Although we can put all the blame to the H. pylori for causing peptic ulcer, the condition can still cause from other sources such as:

  • Regular consumption of ibuprofen and aspirin. The two medicines are well known for fighting inflammation inside the body and they are very effective in treating arthritis, but these pain relievers can cause some people to develop an ulcer.
  • Smoking cigarettes. Too much acid in the stomach can result in an ulcer. Unfortunately, nicotine in cigarettes is number one in doing this so.
  • Drinking too much alcohol. Drinking alcohol does not concern the stomach acid. But the presence of alcohol in the stomach can eventually thin it down as well as the intestines.
  • Stress does not directly influence ulcer, but it contributes to its development. For example, when a severe physical or emotional stress is involved, it causes the appetite of the patients to decline.

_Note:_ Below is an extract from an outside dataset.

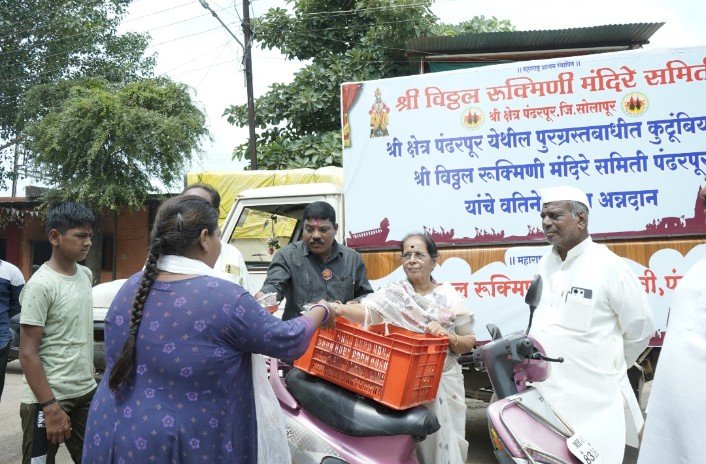 मंदिर समितीने सामाजिक उत्तरदायित्व व मानवतावादी भूमिकेतून तसेच स्थानिक प्रशासनाने विनंती केल्याने पंढरपूर शहरातील सुमारे 500 स्थलांतरीत रहिवाश्यांना सकाळी नाष्टा, दुपारी जेवण व रात्री जेवण असे 3 वेळा फुड पॅकेट वाटप करण्यास सुरवात करण्यात आली आहे. त्याचा शुभारंभ आज दिनांक 06 ऑगस्ट रोजी मंदिर समितीच्या सदस्या शकुंतला नडगिरे व ह.भ.प.ज्ञानेश्वर देशमुख (जळगांवकर) यांच्या हस्ते करण्यात आला.

Therefore, the uncontrolled increase in stomach acid production plus the changes in the immune system result in ulcers. Any illness that challenged the body’s ability to heal, risk ulcer’s development.

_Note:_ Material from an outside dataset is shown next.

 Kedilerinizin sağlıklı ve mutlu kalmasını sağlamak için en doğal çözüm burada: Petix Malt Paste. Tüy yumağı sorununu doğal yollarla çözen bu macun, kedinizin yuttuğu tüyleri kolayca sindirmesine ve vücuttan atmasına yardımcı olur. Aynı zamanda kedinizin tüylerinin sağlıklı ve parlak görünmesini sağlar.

What are the Common Signs and Symptoms of Ulcers?

A few hours after taking a meal, the stomach responds negatively. You may feel a sharp pain or a stomachache between the belly button and the breastbone. You may experience this same negative feeling early in the morning or during night time. In other words, any time of the day whenever your stomach is empty. The symptom can sometimes be resolved by taking antacid medication or by eating something.

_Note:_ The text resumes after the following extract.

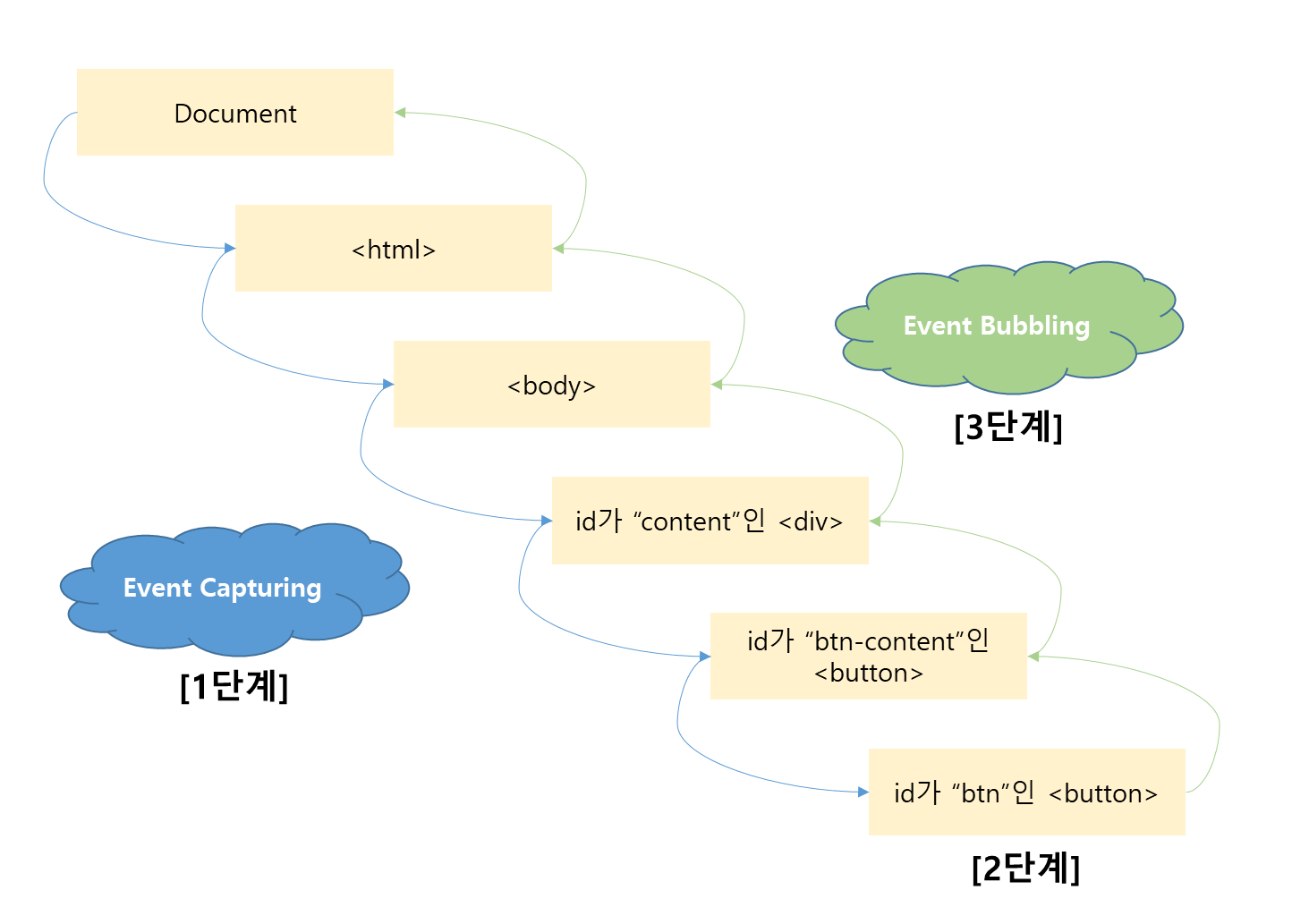 아래 그림은 사용자가 버튼을 클릭할 때 이벤트 버블링 과정입니다.

In addition to stomach pain, other symptoms include:

  • Bloody or blackish stools
  • Vomiting
  • Frequent burping or hiccupping
  • Loss of appetite
  • Dizziness or nausea
  • Abnormal weight loss

Vomiting and having bloody stools are symptoms that may indicate a serious stomach problem. This may require the immediate attention of your doctor. For example, if there is blood in your vomit or if your vomit looks like coffee grounds, call your doctor right away as this situation arises with severe ulcers only.

If you suspect that you have an ulcer, immediately contact your doctor. Untreated cases of ulcer can lead to more serious complications such as bleeding in the digestive system or a hole in the duodenum/stomach wall.

How do Doctors Diagnose Ulcers?

Medical history is the primary tool of doctors. They based on patient’s symptoms, past health, family health, and any medications to diagnose an ulcer. But aside from this method, they do physical examination by either of the two techniques:

  • Upper Gastrointestinal (GI) Series. The test is like an x-ray type of examination in the stomach, esophagus, and duodenum. The doctor will give the patient a whitish liquid called barium to drink. He or she will drink the barium while getting an x-ray. If an ulcer exists, the x-ray will show it.
  • Endoscopy. In this test, the doctor uses a skinny lighted tube with a special camera on the end, called an endoscope, to see the inside lining of the digestive tract. Before the whole endoscopy procedure, a patient will be given anesthesia and will have no memory of it. The doctor will insert the endoscope into the throat down into the esophagus, and finally into the stomach and duodenum. He or she will be able to observe the inner lining of the organs on a screen and can even take pictures. Doctors can also get a sample of tissue to test for H. pylori bacteria.

Doctors can also detect the presence of H. pylori through a blood test or test in a patient’s bowel movement and breath.

How is Ulcer Treated?

Fortunately, ulcers are treatable. A patient can be given a combination of medication:

  • Usually, patients are required to take two antibiotics every day for about two weeks to kill the H. pylori.

Antacids are also given for 2 months of medication or longer to decrease the amount of stomach acid. Antacid can also help in healing the ulcer by protecting the lining of the stomach.